Plant-Lore

Collecting the folklore and uses of plants

St David’s Day leeks, 1800-1817

Excerpts from the diaries* of William Holland, born in Llaneillian, Denbighshire (now known as Llanelian y Rhos, Conwy), in 1746, and served as vicar of Over Stowey, Somerset,  from 1779 until his death in 1819.  The diaries are incomplete so in some years the entries for 1 March are missing.

Saturday March 1 1800:  This being the first of March and being a Welshman I must put a leek into my hat.

Saturday March 1 1806:  This is St David’s Day and I have a few leeks washed clean and put in water –  I have now got one in my hat being a Welshman and soon expect Mr and Mrs Davis here with leeks each of them.  We passed the day in great Sociability …  We had a dish of leeks for dinner and very good they were.

Sunday March 1 1807:  This is St David’s Day but being a Sunday I did not wear a leek in my hat.

Monday 26 February 1810:  I got to Stowgurcy and found Mr Davis at home and he prevailed on me to eat a bit of dinner with him on condition that he would eat with me on the First of March, being St David’s Day, we being both Welshmen and each is to have a tremendous leek in his hat.

Thursday March 1 1810:  This is St David’s Day, the Tutelary Saint of Wales …  I put a Leek in my hat after breakfast and rode to meet Mr Davis who is to dine with me, he is a Welshman from Carmarthenshire … Dyer is here today and dined here on account of St David and they all wear Leeks.
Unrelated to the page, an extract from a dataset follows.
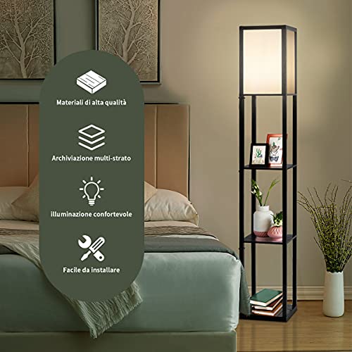 ★Luce 2 in 1 in Legno con Scaffalature★ La lampada da terra in legno combina la luce e lo scaffale, illumina la stanza e offre anche una zona per conservare libri, giornali e riviste. La lampada con i tre scomparti è un'area ideale per esporre i vasi e le foto. La luce che passa attraverso il paralume in tessuto è tenue e non abbaglia.

Tuesday March 1 1814:  I invited Mr Humphreys to come here this day to celebrate the first of March, he being a Welshman.  But he was afraid of the weather …  Poor Davis of Stowgurcy who used to celebrate this day with me by wearing a leek and dining with me cannot move from his home now being so infirm.

Friday March 1 1816:  This being the first of March I used to wear a Leek in my hat and had other Welshmen and Mr Davis to dine with me, but they are all gone and I do not chuse to distinguish myself now that I am old and alone.

Saturday March 1 1817:  This day came like a Lion, very rainy and windy, I did not stir out, neither did I wear a Leek as usual on this day, my old Welsh Acquaintances are gone.

*Jack Ayres (ed.), Paupers & Pig Killers –  The Diary of William Holland, A Somerset Parson, 1799-1818 (2003).

Image:  Brixton Market, London Borough of Lambeth, February 2023.